Later, in 2016, Coinbase closed her account and blocked her from making others. (Coinbase acknowledged to CNBC that its terms of service prohibit the use of its “commerce or retail services connected to adult content.”)

Mastercard confirmed the meeting with Evans, saying that the company “welcomes dialogue and different perspectives” about its policies and programs.

“I just kind of left it on the backburner and would collect it whenever people would pay me in it,” said Knox, who tells CNBC she still holds a good portion of her crypto stake. “I collected till about 2017 and then crypto went crazy.

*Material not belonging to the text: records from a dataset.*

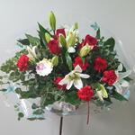 Este vibrante arreglo combina la pasión del rojo con la pureza del blanco, creando una composición elegante y llena de energía. Las rosas rojas aportan un toque romántico, mientras que los lirios blancos añaden sofisticación y frescura. Los claveles rojos iluminan el ramo con su textura suave, y el eucalipto aromático completa el conjunto con un aire natural y armonioso. Ideal para ocasiones especiales, celebraciones o como un mensaje de amor que no necesita palabras. Para mantener su belleza por más tiempo, coloca el ramo en un jarrón con agua fresca, cambia el agua cada 1–2 días y recorta ligeramente los tallos en diagonal. Evita la luz solar directa y las corrientes de aire para que las flores conserven su frescura y perfume.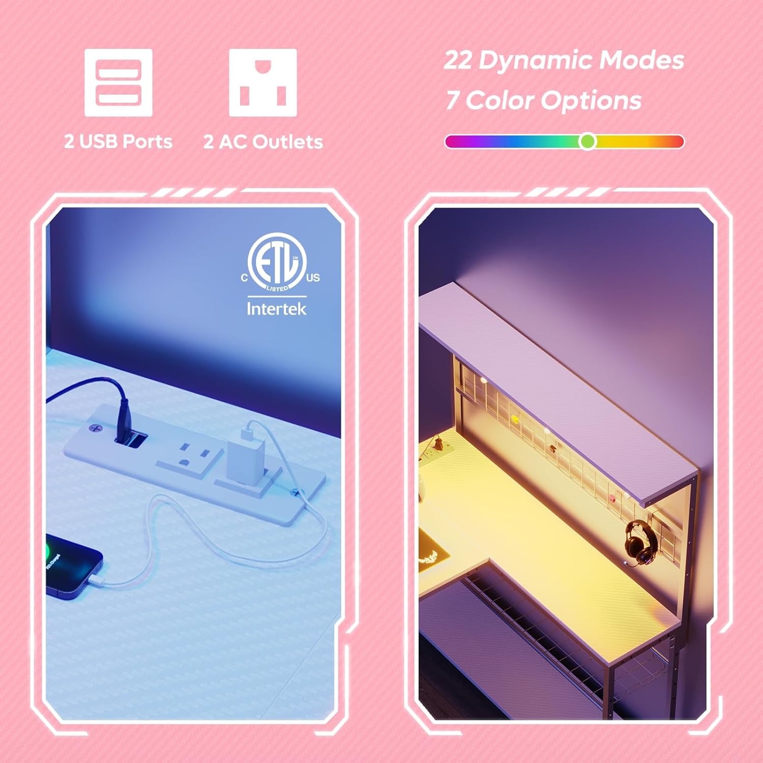 Transform your gaming experience with the Bestier L-shaped gaming desk equipped with LED lights and convenient outlets. This stylish and functional workstation offers a spacious design that caters to both gamers and home office users, ensuring maximum productivity and organization.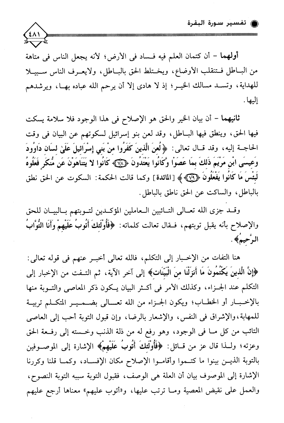ثانيهما - أن بيان الخير والحق هو الإصلاح في هذا الوجود فلا سلامة يسكت فيها الحق، وينطق فيها الباطل، وقد لعن بنو إسرائيل لسكوتهم عن البيان في وقت الحاجة إليه، وقد قال تعالى: (لُعِنَ الَّذِينَ كَفَرُوا مِنْ بَنِي إِسْرَائِيلَ عَلَى لِسَانِ دَاوُودَ وَعِيسَى ابْنِ مَرْيَمَ ذَلِكَ بِمَا عَصَوْا وَكَانُوا يَعْتَدُونَ (78) كَانُوا لَا يَتَنَاهَوْنَ عَنْ مُنْكَرٍ فَعَلُوهُ لَبِئْسَ مَا كَانُوا يَفْعَلُونَ (79). وكما قالت الحكمة: السكوت عن الحق نطق بالباطل، والساكت عن الحق ناطق بالباطل.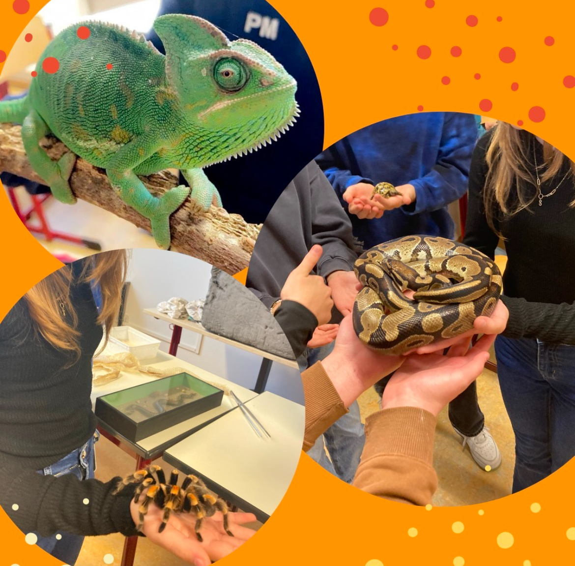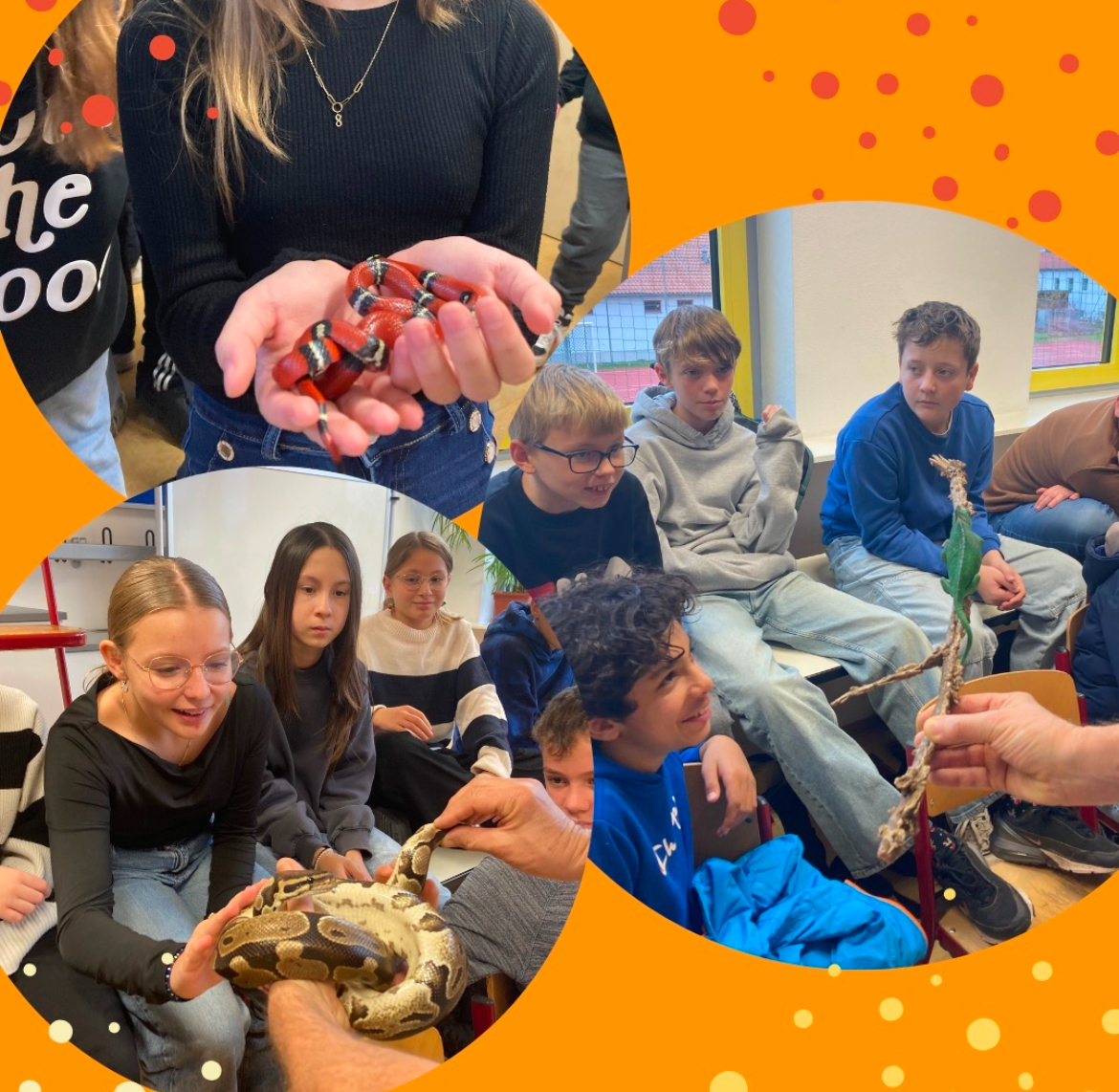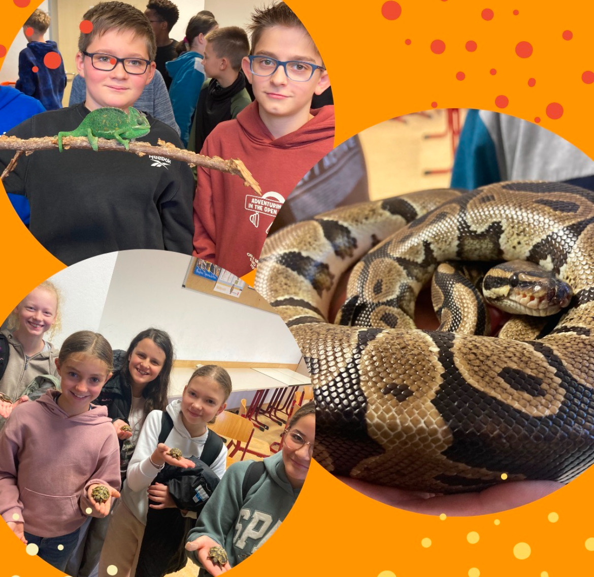 Wie jedes Jahr fand auch heuer wieder unser Reptilientag für die 6. Klassen statt! Dabei konnten die Schüler nicht nur sehr viel Wissenswertes und Spannendes über Schlangen, Schildkröten bis hin zu Chamäleons erfahren, sondern diese auch ganz nah kommen und sie sogar anfassen!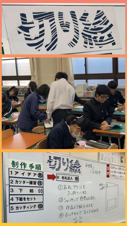 3年生の美術の授業では、『切り絵』に取り組んでいます。ホワイトボードには、素敵な作品とともに、制作手順が明示されています。
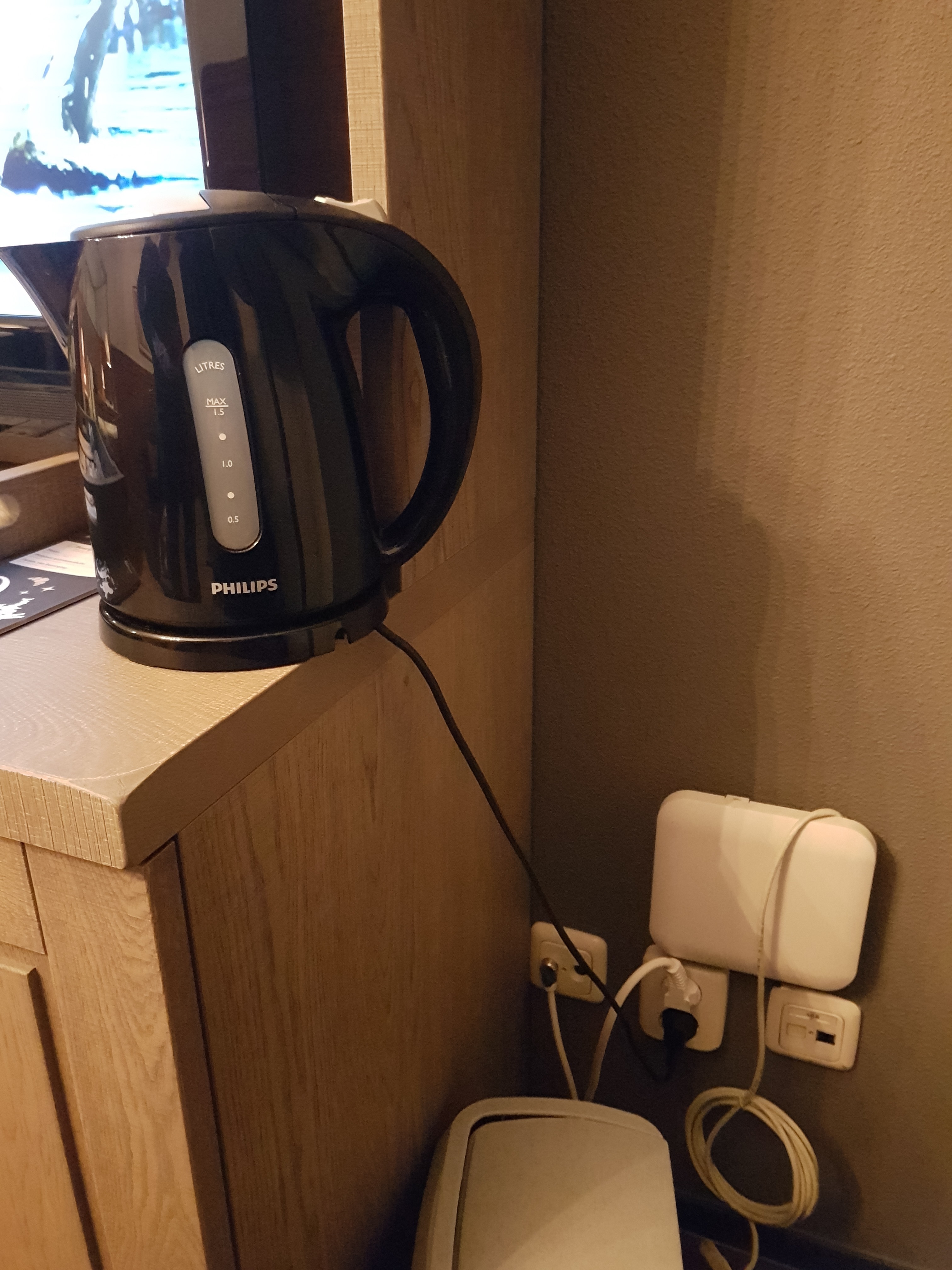 On the first night we wanted to make ourselves a cup of tea so we got the kettle out and started looking around for outlets.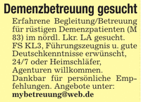Demenzbetreuung gesuchtErfahrene Begleitung/Betreuung für rüstigen Demenzpatienten (M 83) im nördl. Lkr. LA gesucht.FS KL3, Führungszeugnis u. gute Deutschkenntnisse erwünscht,24/7 oder Heimschläfer,Agenturen willkommen.Dankbar für persönliche Empfehlungen. Angebote unter:mybetreuung@web.de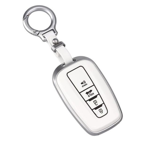 OFF WE GO for Toyota Key Fob Cover with Keychain, Zinc Alloy and TPU Protection Key Case for 2018-2025 Toyota Camry RAV4 Highlander Avalon C-HR Prius Corolla GT86 Smart Key Holder, White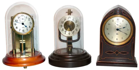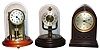 two, Bulle and Barr, are under round glass domes (one dome cracked). Poole is nice wood grained Bakelite beehive case. Overall good condition, movements not tested.
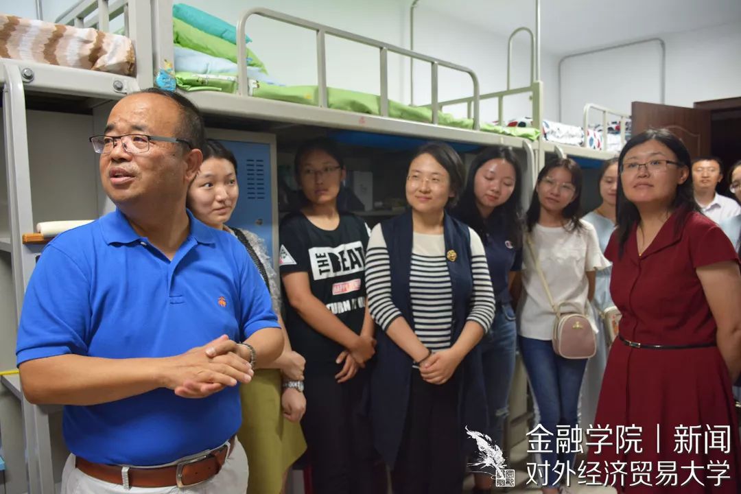 金融文轩探花新闻 宣传中心 讯(记者:秦江瑶 摄影:蒋玥辰、孙一铭)2019年9月7日下午五点半,金融学院领导前往新生宿舍,慰问、关怀2019级新生。金融学院院长邹亚生、副院长范言慧、党委副书记王春蕾、分团委书记兼2016级辅导员曲小杰、2019级辅导员陈玉平作为代表参与了本次活动,向新生传递学院的温暖、为他们的大学新生活指引方向。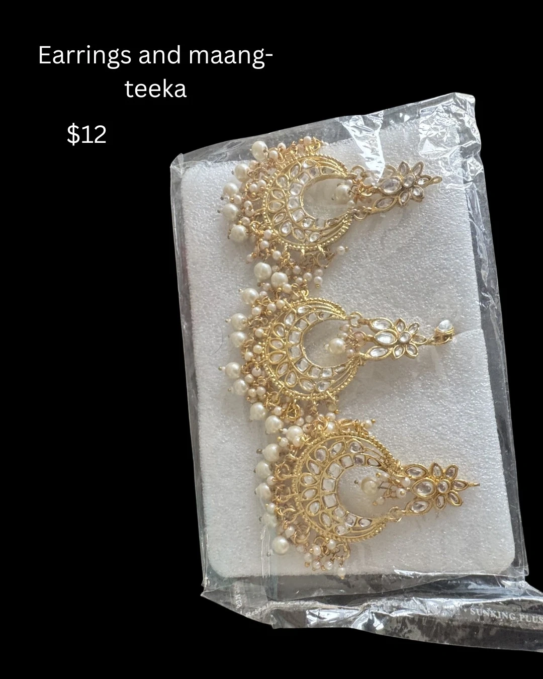 Gold-toned earrings and maang-teeka set with pearl and stone embellishments. Intricate crescent moon design with floral accents. Perfect for special occasions!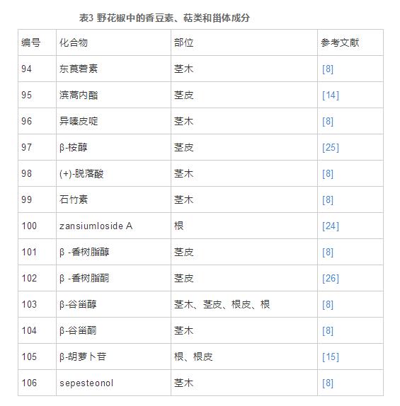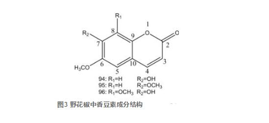香豆素類是一類具備苯駢-吡喃酮母核的自然物質(zhì)的統(tǒng)稱,野花椒中消息了3個香豆素類物質(zhì)(94~96),結(jié)構(gòu)特征均為簡易香豆素類,即在苯環(huán)一側(cè)有替代,且7位甲基未與6(或8)位官能團(tuán)產(chǎn)生咪唑環(huán)或吡喃環(huán)的香豆素類。見表3、圖3。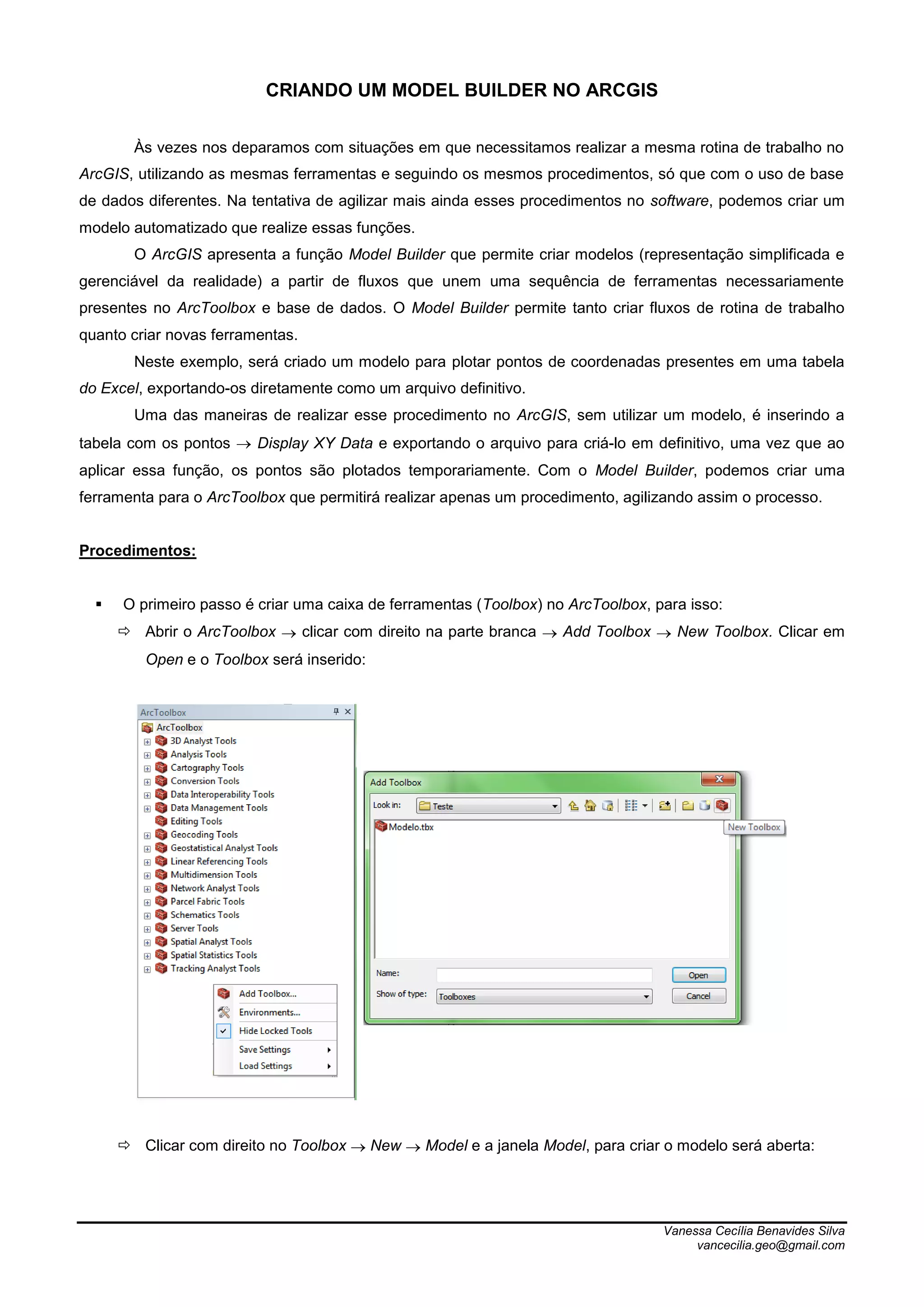 O documento aborda a criação de um modelo automatizado no ArcGIS utilizando a função Model Builder, que permite otimizar rotinas de trabalho com diferentes bases de dados. O autor explica como criar uma toolbox e um modelo para plotar pontos de coordenadas de uma tabela do Excel e exportá-los como um arquivo definitivo. Também são mencionados os tipos de modelos (fechados e abertos) e a definição de parâmetros para facilitar a manipulação dos dados.

It was one of those things where I was like, ‘Oh, wow, this was an accidental great investment for me.'”

Beyond price volatility, trading in crypto often incurs extra fees.

“Buying the crypto to pay for [ads] was always fraught with all these hidden fees that these trading sites would be charging,” said San Francisco-based Maxine Doogan, who has been working as a prostitute for more than thirty years. 

Instead of using a traditional exchange like Coinbase, Doogan instead goes through a convoluted process that involves finding an intermediary via a trading site, and then depositing cash into that person’s bank account, trusting that they will then electronically transfer bitcoin into her crypto wallet. Some of these intermediaries will accept gift cards. Others ask sex workers to buy a regular “vanilla” credit card and send them the numbers, in hopes that they’ll follow through on the trade.

DiAngelo says that in the early days of crypto, she would use bitcoin ATMs at liquor stores and gas stations to deposit cash to buy bitcoin. These machines charge commissions above and beyond the cost of the transaction.

Another major problem relates to the rules that govern cryptocurrency exchanges. Many platforms like Coinbase require know-your-customer, or KYC compliance. In practice, that means having to connect an ID and bank account to the platform – a non-starter for many working in the industry. 

Because of this, some workers later find they can’t cash out the crypto they have earned for products or services rendered.

While there are tokens designed with privacy and anonymity in mind (zcash and monero, for example), the blockchain technology that underpins cryptocurrencies like bitcoin is transparent by design, leading some in the industry to worry that with the right tools and crypto know-how, friends, family, or the government technically have the ability to track their steps.

But Rae remains convinced that cryptocurrency is the future for the sex work industry.

“Cryptocurrency is our only option. I don’t feel like we’re going to survive under stricter and stricter rules from the banking industry,” said Rae.

“For people like me making millions of dollars, a thirty day notice from OnlyFans would be the end of us. Crypto really feels like it’s kinda it, otherwise we’re going to be controlled forever and who knows the kind of content they’re going to continue to ban. They can turn you off tomorrow.”